─── Records for processing

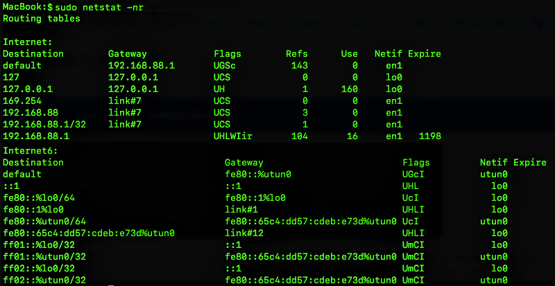 Вывести на экран все содержимое таблицы IP-маршрутизации можно с помощью команды в терминале:
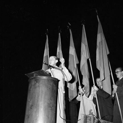 Jarl Hjalmarson, Högerpartiets partiledare, talar på högermöte utanför Råsundastadion
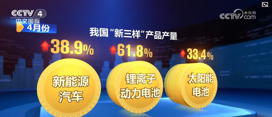 随着传统产业改造升级,新兴产业加快发展,高技术产品需求不断扩大。4月份,我国新能源汽车、锂离子动力电池、太阳能电池等“新三样”产品产量分别增长38.9%、61.8%和33.4%。智能无人飞行器制造增长74.2%,工业机器人产量增长51.5%。
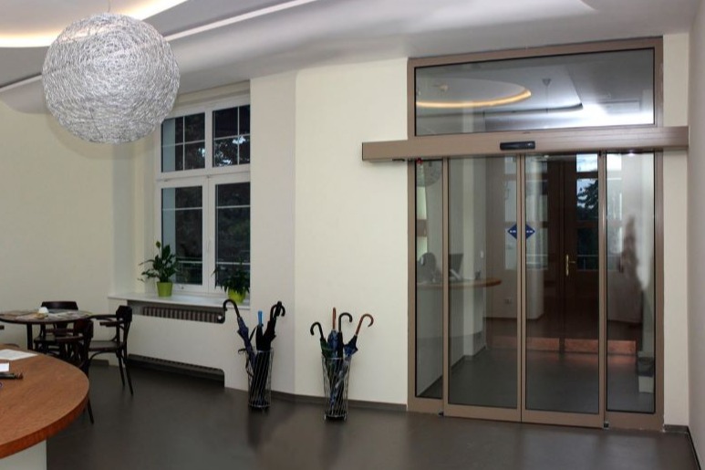 Domov pro seniory vyžaduje co nejvíce bezbariérových dveří. Rámové stěny s automatickými posuvnými dveřmi v rámovém provedení byly instalovány jak v hlavním vchodu, tak ve vstupu do zahrady. Jejich automatizaci i bezpečnost zajišťuje kombinovaný radar instalovaný z obou stran nade dveřmi.
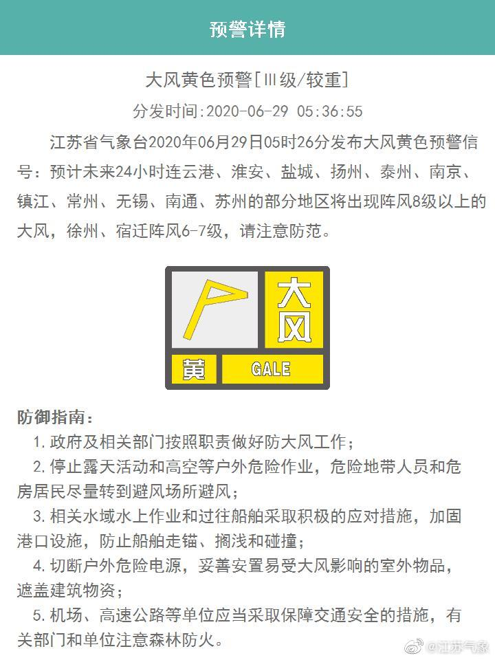 江苏省气象台 6月29日5时26分 发布大风黄色预警信号
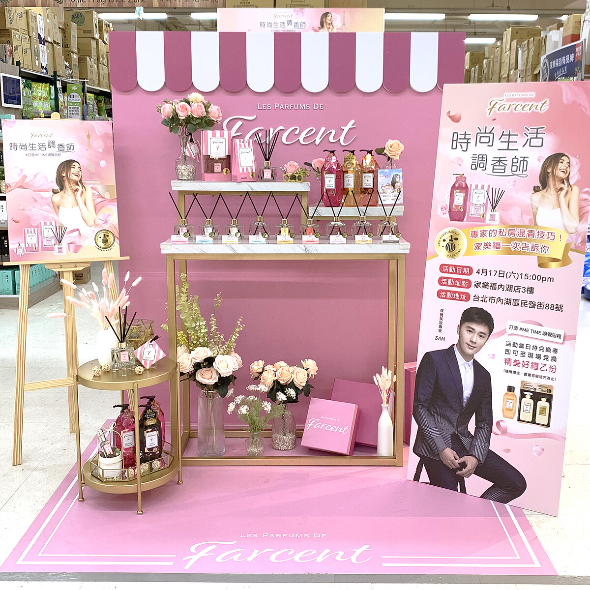 你跟M編一樣想體驗成為專業的調香師嗎?Farcent香水和家樂福內湖店聯手合作,規劃專櫃級的試香體驗專區及活動,可依個人香味喜好現場挑香,也可嘗試將兩種或多種香味混搭調香,當天活動還力邀美妝保養界專家SAM老師擔任一日店長,親自傳授ME TIME調香秘訣、如何製作專屬訂製香,更不藏私分享髮肌保養新觀念。現場凡參與體驗調香活動或消費滿額,即能獲得Farcent香水時尚絲巾乙條等精緻小禮,有趣好玩又能帶走夢幻好禮,這麼超值絕不容許錯過!
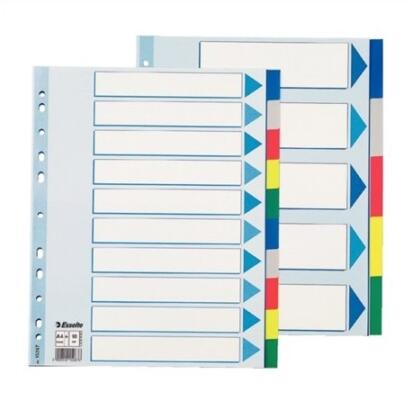 Elválasztólap visszafogott színkombinációkban. Nagyméretű téglalapok az előlapon a tartalom feltüntetésére. Az A4+ méretű elválasztólapok szélesebbek a lefűzhető tasakoknál, így segítségükkel az iratrendezőbe lefűzött tasakok is könnyen rendszerezhetők. Megerősített lefűzőrész az előlapon10 színes fül a könnyű rendszerezéshezHagyományos, 11-lyukú lefűzőr

──────

» Exercise details: Retype the lines above exactly as they appear, from the line containing "Domov pro seniory" through the line containing "江苏省气象台 6月29日5时26分 发布大风黄色预警信号", and leave out any pictures.

» Problem solution:
 Domov pro seniory vyžaduje co nejvíce bezbariérových dveří. Rámové stěny s automatickými posuvnými dveřmi v rámovém provedení byly instalovány jak v hlavním vchodu, tak ve vstupu do zahrady. Jejich automatizaci i bezpečnost zajišťuje kombinovaný radar instalovaný z obou stran nade dveřmi.
 江苏省气象台 6月29日5时26分 发布大风黄色预警信号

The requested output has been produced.